We have compared the genotypic variation of 365 116 SNPs among 1129 unrelated individuals of five continents (Asia, Europe, Africa, and North and South America) to individuals from Southeast Brazil. We demonstrate that this population is a highly admixed population and quite distinct from other HapMap populations. Principle component analyses demonstrate extensive of intermarriage between individuals of African and European descent. This intermarriage occurred between 1500 and the present day reflecting about 20 generations of intermarriage. Thus, the genomes of Brazilian individuals consist of chromosomal segments of distinct ancestry with substantial European and African-related admixture. These findings will have important implications for the correct design and analytical planning of studies exploring complex traits in this population. We expect that the large degree of admixture observed in the Southeast Brazilian population can be exploited for the gene mapping of important disease loci.

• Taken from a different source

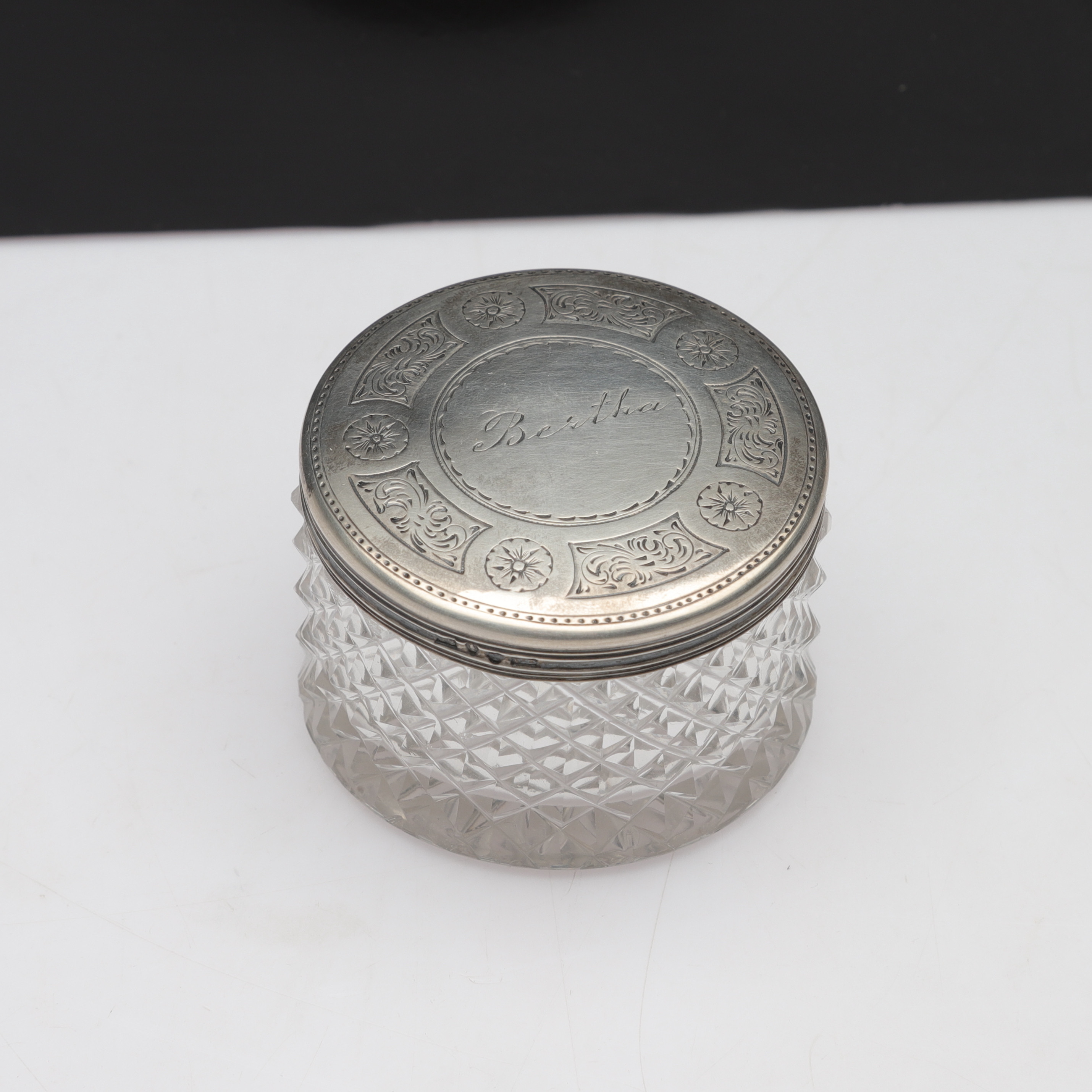 4970294. ÆSKE, glas og sølv, vægt sølv ca. 17,52g.

The study cohort was collected in Southeast Brazil, in Sao Paulo state. Individuals of African, Amerindian, and perhaps Asian ancestries, may be underrepresented in this study, as individuals with European ancestry comprise a majority in this region. Thus, additional analyses using larger and random samples that can cover all five Brazilian regions might perhaps show an even more pronounced degree of genetic variation than the one suggested by our analysis. Whether the same degree of intermarriage will be observed in other parts of Brazil or other parts of Latin America will be addressed in future studies.

New dense genotyping data from other forthcoming Brazilian studies will determine whether the same pattern of extensive genetic admixture exists in other parts of Brazil.